There is a scene midway through the new film “Jacir,” from director Waheed AlQawasmi, that shows the film’s titular protagonist, Jacir, biking at night under fizzy-orange street lamps to the duplex he shares with a cantankerous neighbor and her cat.
“He’s so poor he doesn’t have a car; he doesn’t have any ways or means to achieve his dream,” says AlQawasmi.
Jacir has headphones on and is listening to a CD of a blues-inflected rap song, and for a brief moment, he seems happy — free from the relentless bigotry, hatred and stress he has encountered since arriving to the U.S. a month before.
AlQawasmi, who moved from Amman, Jordan, to Memphis at the age of 13, says the scene could have pulled straight from his childhood.
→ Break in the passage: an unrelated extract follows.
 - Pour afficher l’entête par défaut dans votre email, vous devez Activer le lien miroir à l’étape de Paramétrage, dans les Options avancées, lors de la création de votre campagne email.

“When he is on that bicycle, I cried when I saw that,” he said. “I recreated that one part.”
A homecoming for the Tennessee-based director
“Jacir” is the first full-length feature film by AlQawasmi. The Arabic/English-language film made its world debut on Friday at the 53rd Nashville Film Festival to a packed crowd at the Tennessee Performing Art Center’s Johnson Theater.
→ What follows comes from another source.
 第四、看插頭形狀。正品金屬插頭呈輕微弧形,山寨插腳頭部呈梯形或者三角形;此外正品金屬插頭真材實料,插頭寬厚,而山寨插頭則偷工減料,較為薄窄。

“Jacir” tells the fictional story of a Syrian refugee who resettles in Memphis after most of his family is killed in his home country’s brutal civil war. He works at a local Middle Eastern joint owned by a gruff restaurateur — played by Lebanese actor Tony Mehanna — who wants Jacir to toughen up and keep to himself. Jacir quickly befriends the owner’s daughter and a line cook named Jerome.
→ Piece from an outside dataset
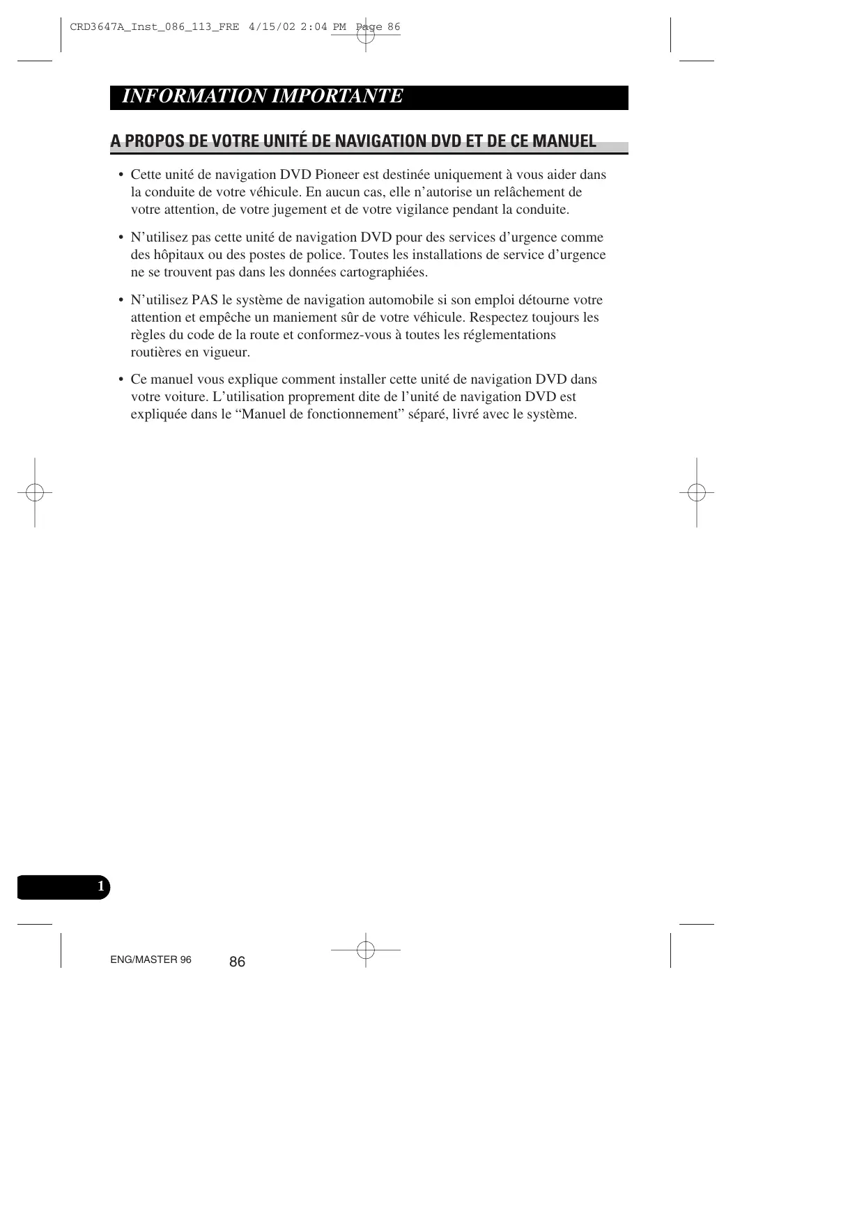 INFORMATION IMPORTANTE A PROPOS DE VOTRE UNITÉ DE NAVIGATION DVD ET DE CE MANUEL

But the majority of the film follows an unusual friendship that Jacir forms with his conservative, cable-news-consuming neighbor Meryl, a former jazz singer turned opioid addict played by Academy Award-nominated Lorraine Bracco (“Goodfellas,” “The Sopranos”).
Meryl treats Jacir with suspicion and bigotry in their first few encounters before Jacir intervenes in a burglary of her home, one of many times he steps in to protect the ungrateful Meryl.
Bracco plays Meryl with characteristic brassiness, humor and compassion. It would be easy to reduce Meryl to a Hollywood caricature of a washed-up bigot, but director AlQawasmi understands that she is also suffering — from loneliness, fear and an addiction to painkillers and alcohol.
“For me, I just wrote an authentic character … that is racist and the words she’s using are very hurtful,” he said.
But he never feels the need to redeem Meryl or her many flaws in order for her to be seen as a whole human — or treated better by Jacir than she treats him.
“We can’t just kick them out of society … you have to have dialogue,” he said. “And that’s my hope with this film is to have a dialogue with differing opinions, different politics, different backgrounds.”
The city of Memphis plays a starring role
Jacir is played by actor Malek Rahbani, a newcomer from Lebanon. He said he was thrilled when he got offered the part and was told they would be filming in Memphis.
“I said, ‘Graceland?’ And [Director Waheed AlQawasami] said, ‘Yeah, you wanna go?’ and I said, ‘Of course!’ ” he recounted.
After filming wrapped, Rahbani got a private tour of Elvis’s famous estate.
The settings and backdrops will feel familiar to anyone who’s spent time in Memphis, including a cameo by veteran R&B artist Toni Green, who plays Meryl’s friend Darcy.
The Beale Street-feeling is further bolstered by a blues and rap soundtrack composed by Memphis rapper Al Kapone, who also attended the premiere.
In the film, Jacir is a fan of hip hop and bonds with his coworker and aspiring rapper, Jerome, played by Memphis native Darius “Tutweezy” Tutwiler.
A shared appreciation for music becomes the force that ties the film’s various characters together. The soundtrack features original songs by Al Kapone and produced by Lawrence “Boo” Mitchell.
The film is at turns gritty, uncomfortable, heartfelt and laugh-out-loud funny.
“Jacir” will next screen at film festivals in Bend, Ore., and L.A. as the title is marketed for wider distribution. AlQawasmi says he hopes anyone who’s lived the immigrant or refugee experience in the U.S. will see themselves in this film.
“It’s very, very cathartic,” said AlQawasmi at the premiere. “It’s very redeeming to be able to have an idea from when you’re 14-15-16, going to public school and going to film classes there, and go, ‘Oh, I want to be a film director.’ And years later, you’re doing it.”